As with TCJA, a failure to stimulate investment likewise failed to yield stronger growth. Growth was higher across the pre-EGTRRA two- and four-year windows and across the higher-tax business cycle as a whole.
A broad scholarly consensus condemns the Bush tax cuts as costly and ineffective, and indeed links the two issues. According to a 2016 paper by the Brookings Institution’s William Gale and Dartmouth College’s Andrew Samwick (who served as chief economist for George W. Bush’s Council of Economic Advisers in the year after JGTRRA’s passage), “A variety of forms of evidence suggest that the impact on growth of [the Bush tax cuts] was negligible. A cursory look at growth between 2001 and 2007 (before the onset of the Great Recession) suggests that overall growth rate was both mediocre – real per-capita income grew at an annual rate of 1.5 percent during that period, compared to 2.3 percent from 1950 to 2001 – and was concentrated in housing and finance, two sectors that were not favored by the tax cuts. There is, in short, no first-order evidence in the aggregate data that these tax cuts generated growth. Careful microeconomic analyses give similar conclusions.”
Gale and Samwick emphasize that “it is by no means obvious, on an ex ante basis, that tax rate cuts will ultimately lead to a larger economy in the long run” and that “the historical evidence and simulation analyses suggest that tax cuts that are financed by debt for an extended period of time will have little positive impact on long-term growth and could reduce growth.”

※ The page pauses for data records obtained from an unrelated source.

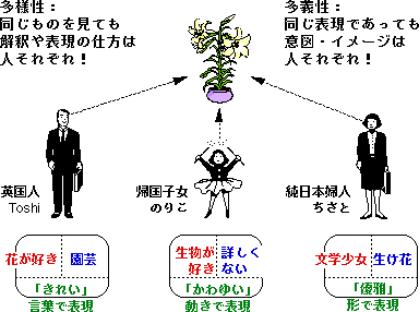 例えば図3.8-2の例を考えよう。「百合の花」を見た時に、それぞれの人はどう思うだろうか? それぞれの人は、思った事をどのように人に伝えるだろうか?英国文化に憧れを持つ中年紳士、純日本的な感性を持った婦人、小学生の少女、それぞれに、知識のバックグラウンドも違う、どのように主観的に感じるかの知覚過程も異なる、さらに、それを誰かに向かってどう表現するかの表出過程にも、結構な違いが観察されるのが普通である。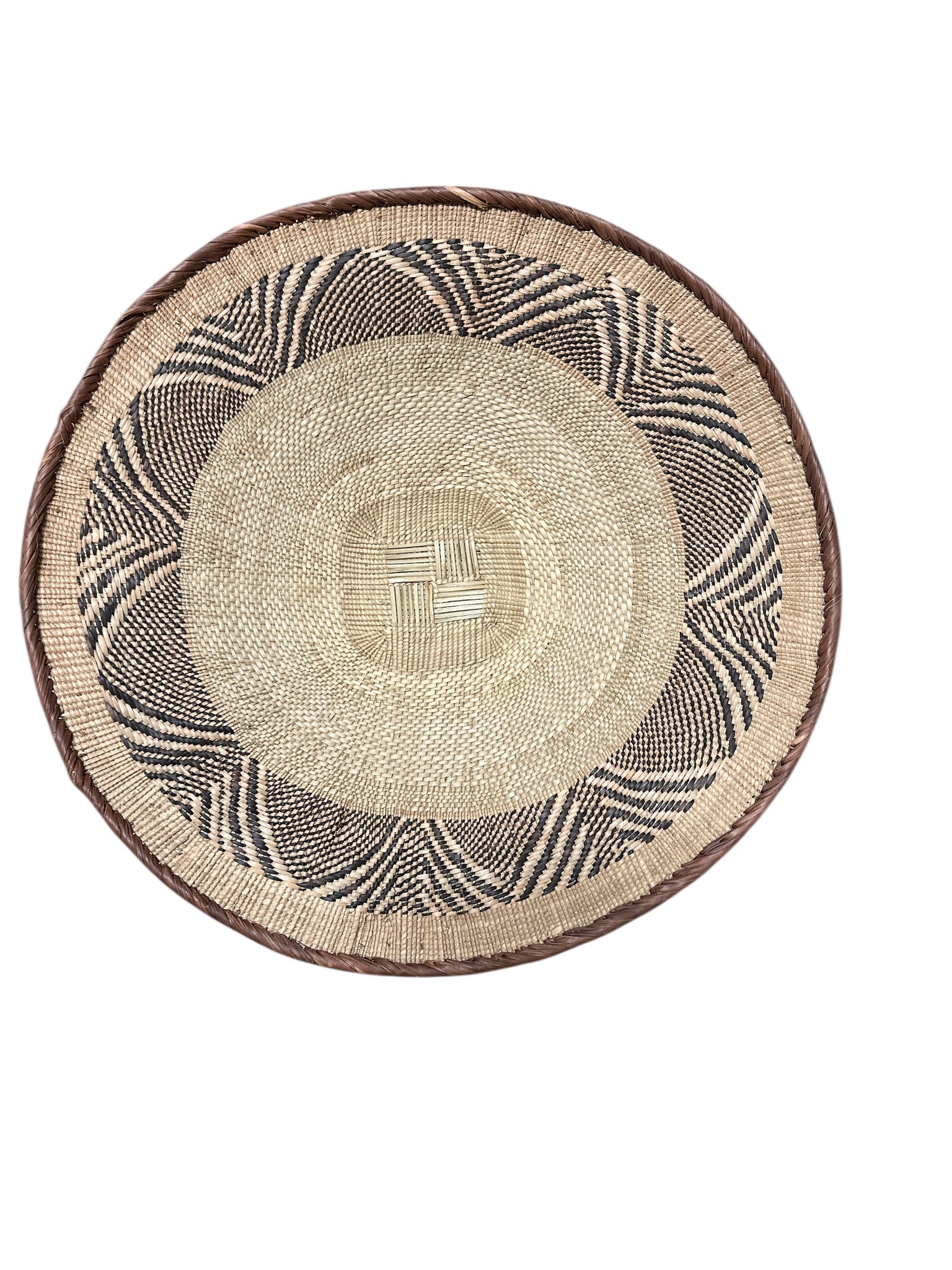 African Basket - Tonga - Zimbabwe Binga Basket Traditionally, the baskets were (and still are) used for carrying maize or sorghum from the fields and then winnowing the grain. A traditional design includes striped a spider web type pattern, and a lightning pattern with a distinctive square bottom design to form the foundation of the basket. Binga baskets are light, and popular to hang as a wall decor. The colors are neutral with beautiful geometric designs. They are created from naturally dyed palm leaves.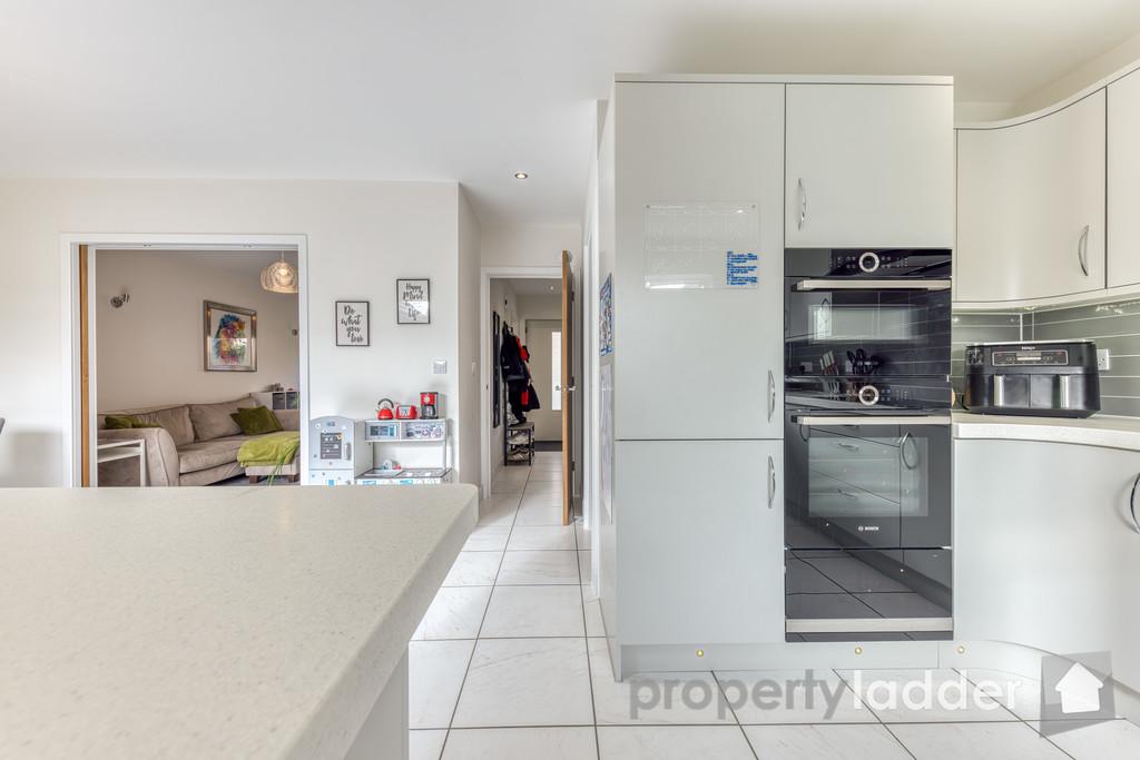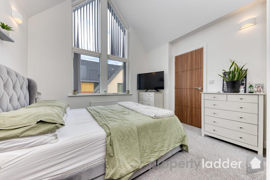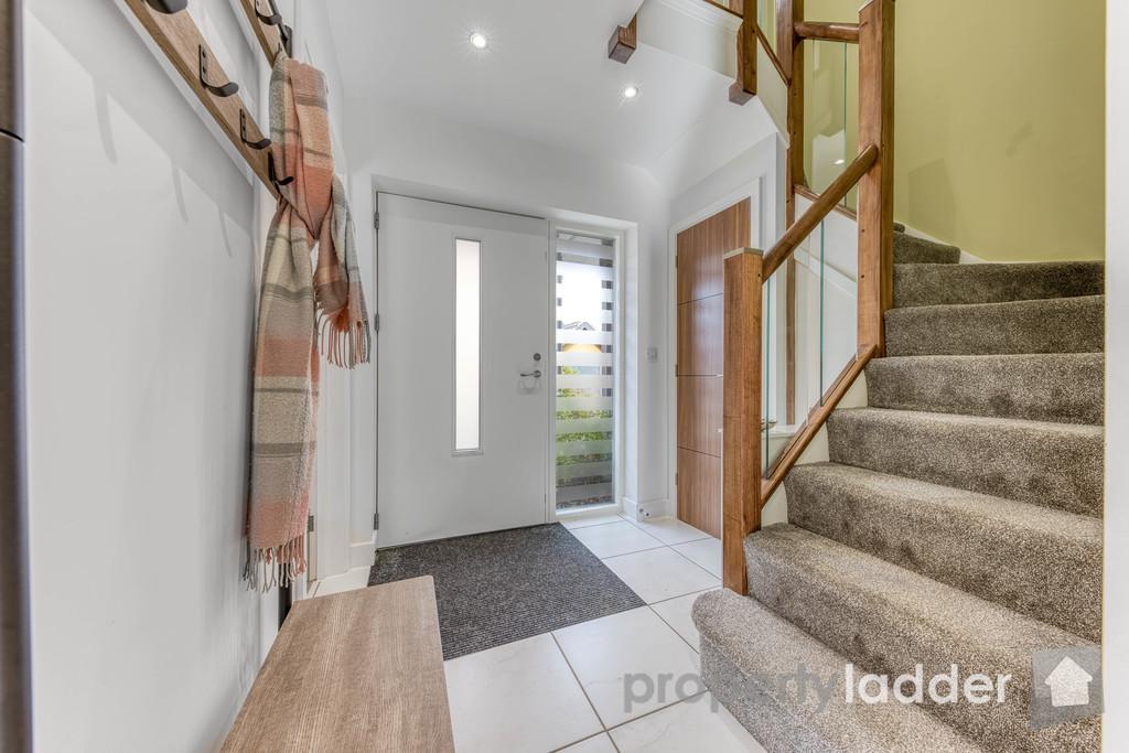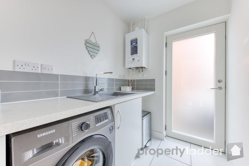The home opens with a welcoming entrance hall leading to a ground floor WC and a bright living room that seamlessly connects to a contemporary kitchen/diner. The kitchen is equipped with high-spec integrated appliances including a fridge freezer, double oven, warming drawer, dishwasher, and wine fridge, while a separate utility room offers additional worktop space, a sink, and a secondary access point. Upstairs, there are three double bedrooms with built in wardrobes, including a master suite featuring a stylish en-suite shower room and impressive high ceilings. A modern family bathroom and spacious landing complete the first floor. Further highlights include underfloor heating, triple glazing, and an NHBC warranty valid until December 2030, making this modern home as practical and efficient as it is beautifully designed!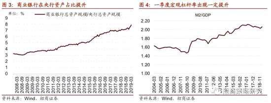 去年底央行做了一次擴(kuò)表,1月份連續(xù)實(shí)施了兩次降準(zhǔn),1-3月,社融顯著超預(yù)期,帶來經(jīng)濟(jì)企穩(wěn)的同時,也使得宏觀杠桿率有一定程度提升。商業(yè)銀行總資產(chǎn)規(guī)模/央行總資產(chǎn)規(guī)以及M2/GDP出現(xiàn)了抬升跡象。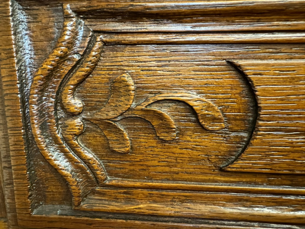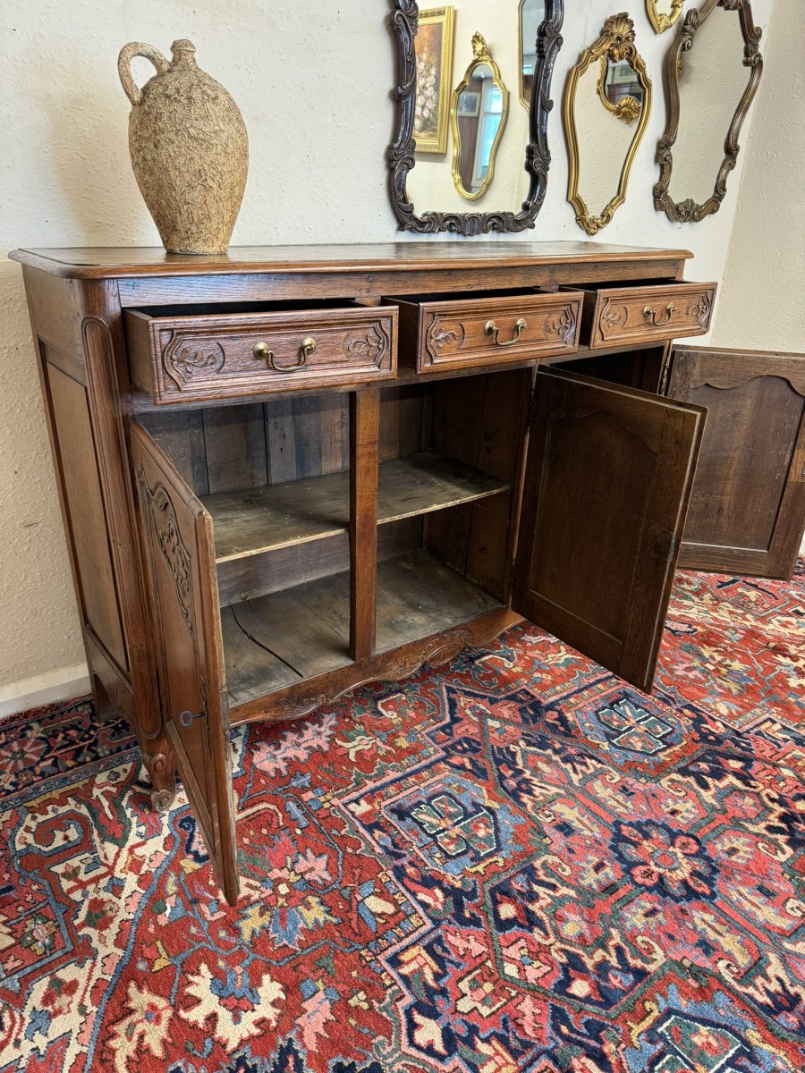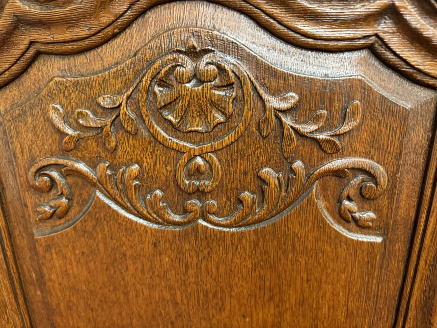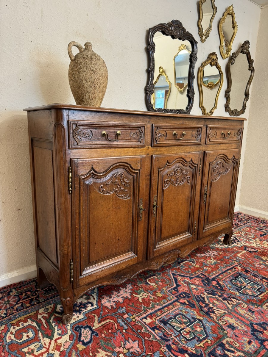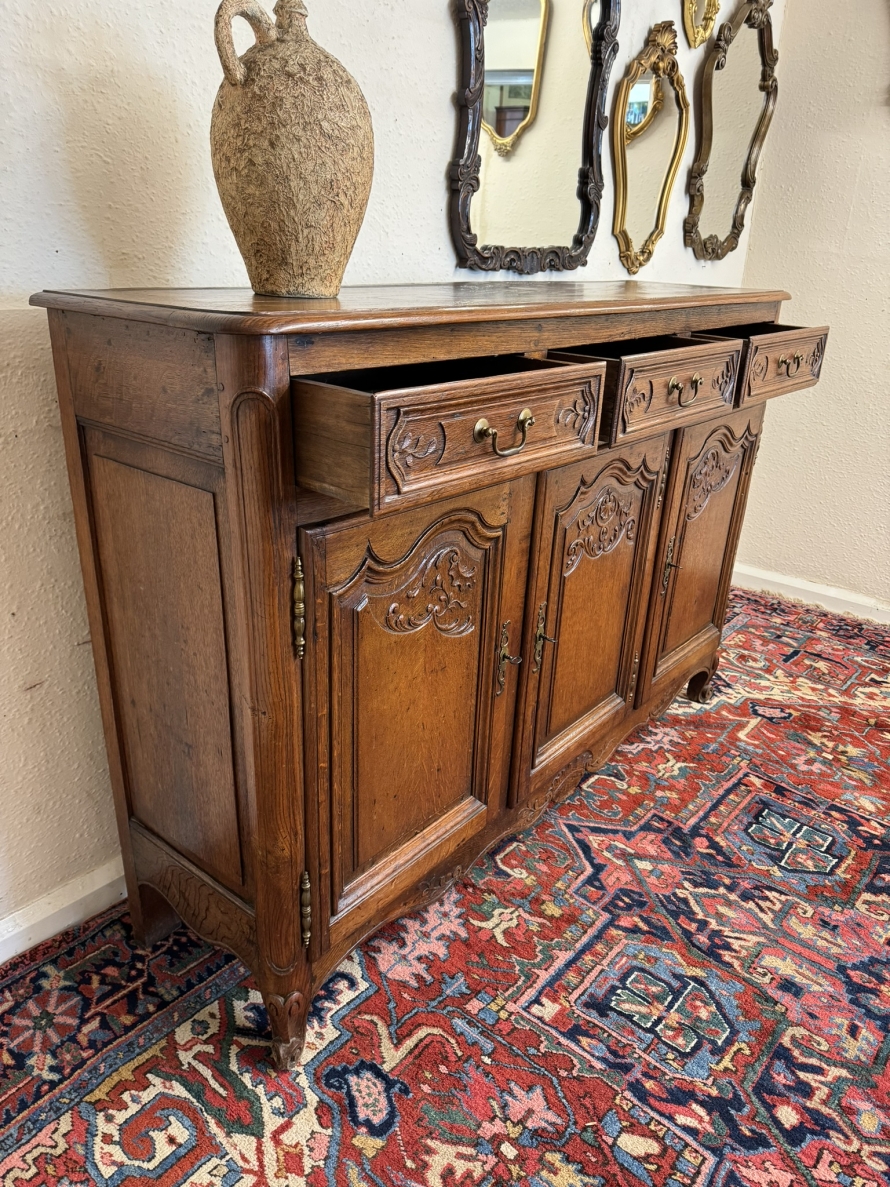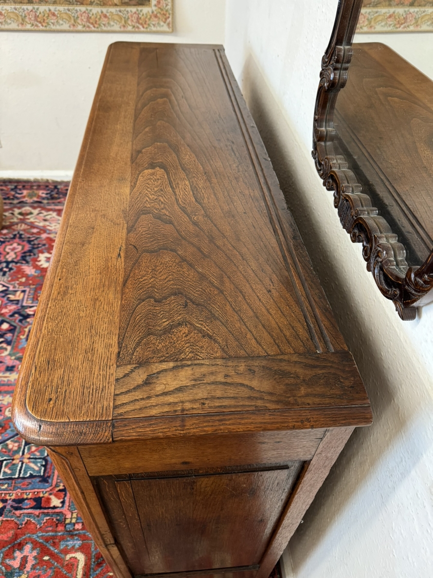 This fabulous French country oak dresser dates circa 1870. Produced in striking oak the oversailing top sits above three carved drawers, each drawer having a brass handle, below are three lockable carved recessed panelled cupboard doors, each drawer opens to reveal a removable shelf with a boarded back and base. Recessed panelled sides, shaped skirt with fabulous carving. This French dresser stands on carved cabriole shaped legs to the front.
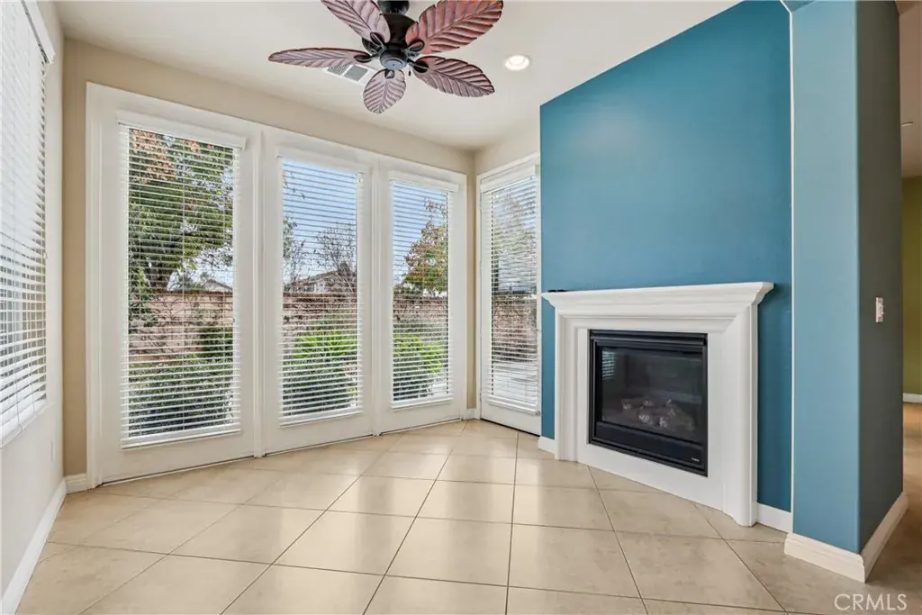 Welcome to resort-style living in the highly sought-after 55+ Solera Diamond Valley Community by Del Webb! This meticulously upgraded 2-bedroom, 2-bathroom home with a den/office offers 1,734 square feet of stylish and functional living space designed for comfort and elegance. From the moment you arrive, the exceptional curb appeal is evident with top-of-the-line drought-tolerant landscaping and a river rock bed creating a stunning, low-maintenance front yard. The beauty continues in the backyard with equally impressive water-wise landscaping—your private outdoor oasis. Inside, you’ll be impressed by the tile flooring laid diagonally at a 45-degree angle, elevating the home’s custom feel. The open-concept kitchen is a true showstopper, featuring an upgraded stainless steel appliance package, a built-in range, a walk-in pantry, designer tile backsplash, a huge center island, and sleek upgraded fixtures. Whether you’re hosting or enjoying a quiet night in, the layout flows beautifully into the living and dining areas. A gorgeous sunroom adds extra living space and includes a cozy fireplace, perfect for year-round relaxation. The spacious primary suite serves as a serene retreat, complete with a generous walk-in closet, a luxurious bath, dual sinks, and a step-in shower. The guest bedroom and second full bath are perfect for visitors or multi-purpose use. Need a home office or hobby room? The dedicated den/office offers flexible space to meet your needs. A well-appointed laundry room with extra storage keeps everything organized, and the garage includes built-in cabinets for even more storage solutions.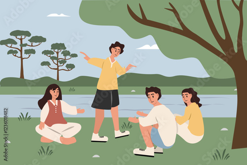 Virtual reality learning, education and vr technologies. Vector illustration of history teacher and schoolchildren in vr glasses looking at stone age family couple making hunting tools stone spears.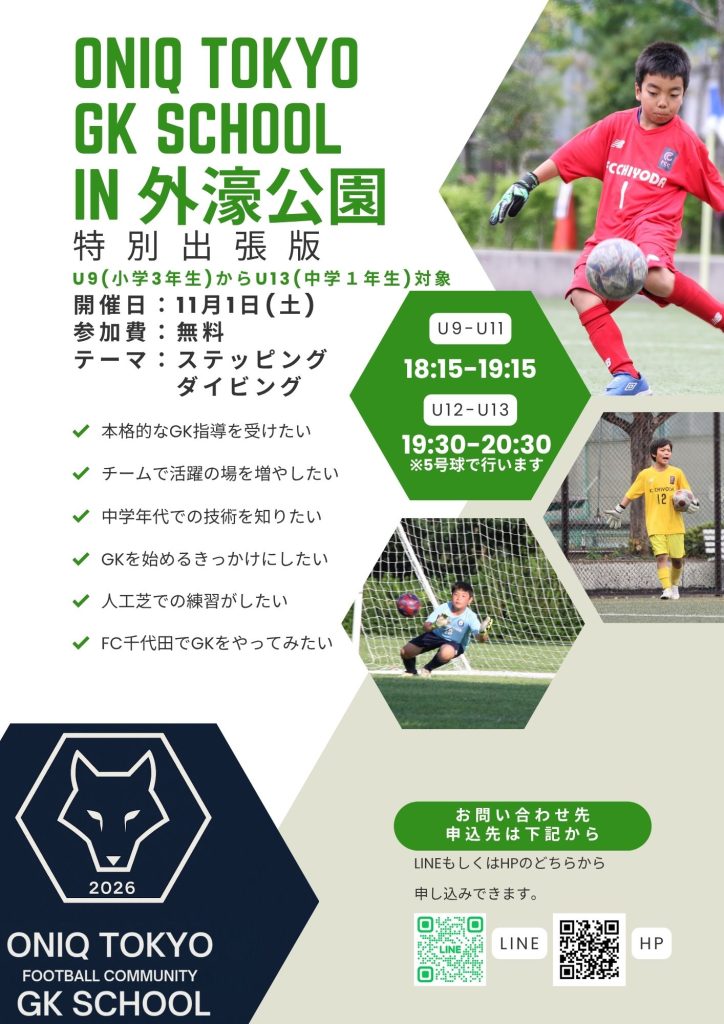 ONIQ TOKYO GK SCHOOL(オニック トウキョウ ゴールキーパー スクール)は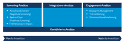 Es ist wichtig die verschiedenen Konzepte zu verstehen. Die folgende Abbildung zeigt eine Kategorisierung der Ansätze. Unterschieden wird häufig, ob ein ESG-Ansatz vor bzw. nach einem Investitionsentscheid greift. Vor einem Investitionsentscheid liegt das Augenmerk auf der aus ESG-Absicht richtigen Auswahl der Investitionen. Danach liegt es auf der Einflussnahme auf die investierten Unternehmen.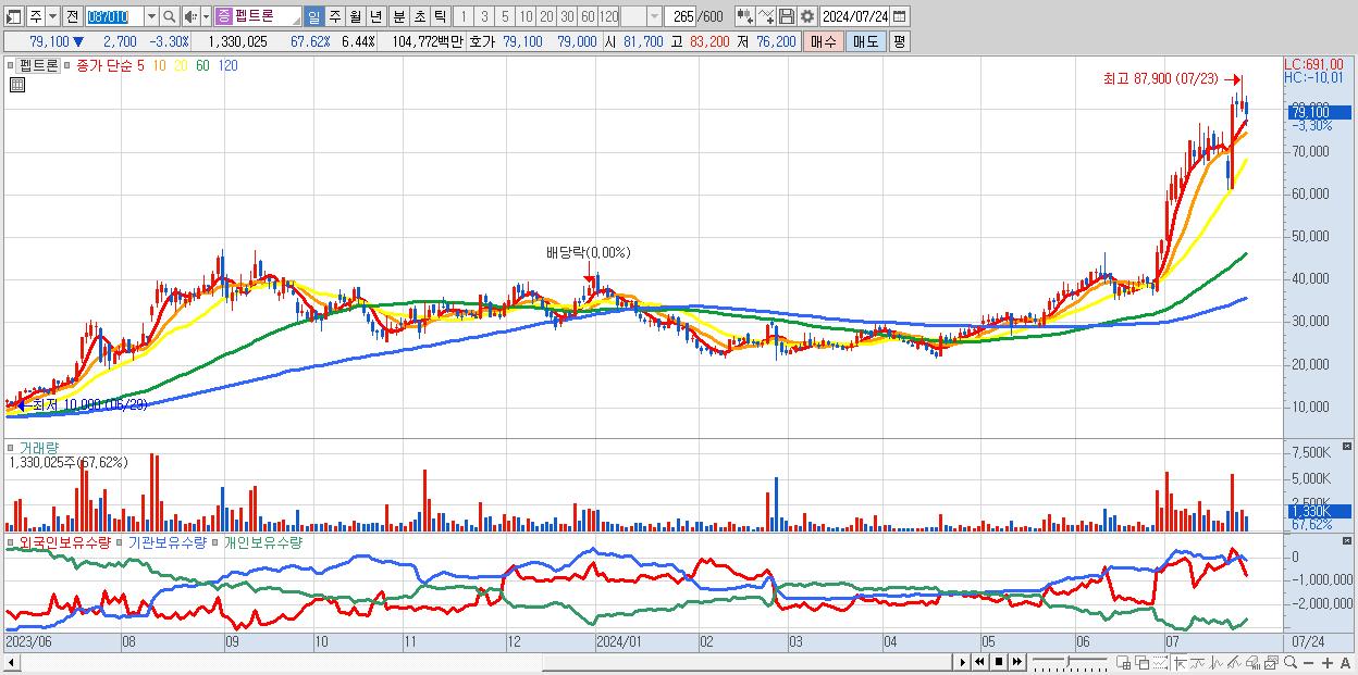 - 펩트론 (79,100원 ▼ -3.3% , 시총: 16,340억, 거래량: 1,330,025, 거래대금:1,048억)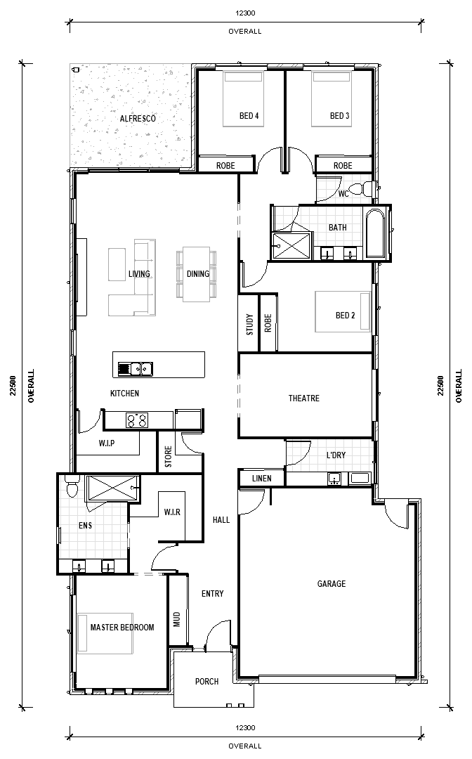 The Ayla is an entertainers dream! The inclusions of a theatre, open kitchen living and dining that leads to an alfresco outdoor area creates the perfect space for family gatherings. This four bedroom, two bathroom, will provide you with all the creature comforts you are after. The Ayla has two facade options; Modern or Skillion style. No matter which facade you select this house plan will be sure to make all your parties a win.

As the Mercatus Center’s Matthew Mitchell and Andrea O’Sullivan observed in What Went Wrong with the Bush Tax Cuts, “Tax cuts alone do not equal free-market economics, nor do they equal fiscal reform. Cutting taxes allows policymakers to give voters something they want, while appearing to rein in the size of government. But this is a temporary illusion unless the tax cuts are combined with necessary reductions in spending—a far more difficult but also the more important task” (emphasis in original). Condemning the structure and profligacy of EGTTRA and JGTTRA, they argued, “the experience should prompt policymakers to utilize its lessons when crafting and implementing fundamental spending and tax reform.”
Unfortunately, those lessons had not been learned by TCJA’s architects. And if the proposals and rhetoric issuing forth in the 2024 Republican presidential primary are any indication, the party may be doomed to repeat history at least one more time.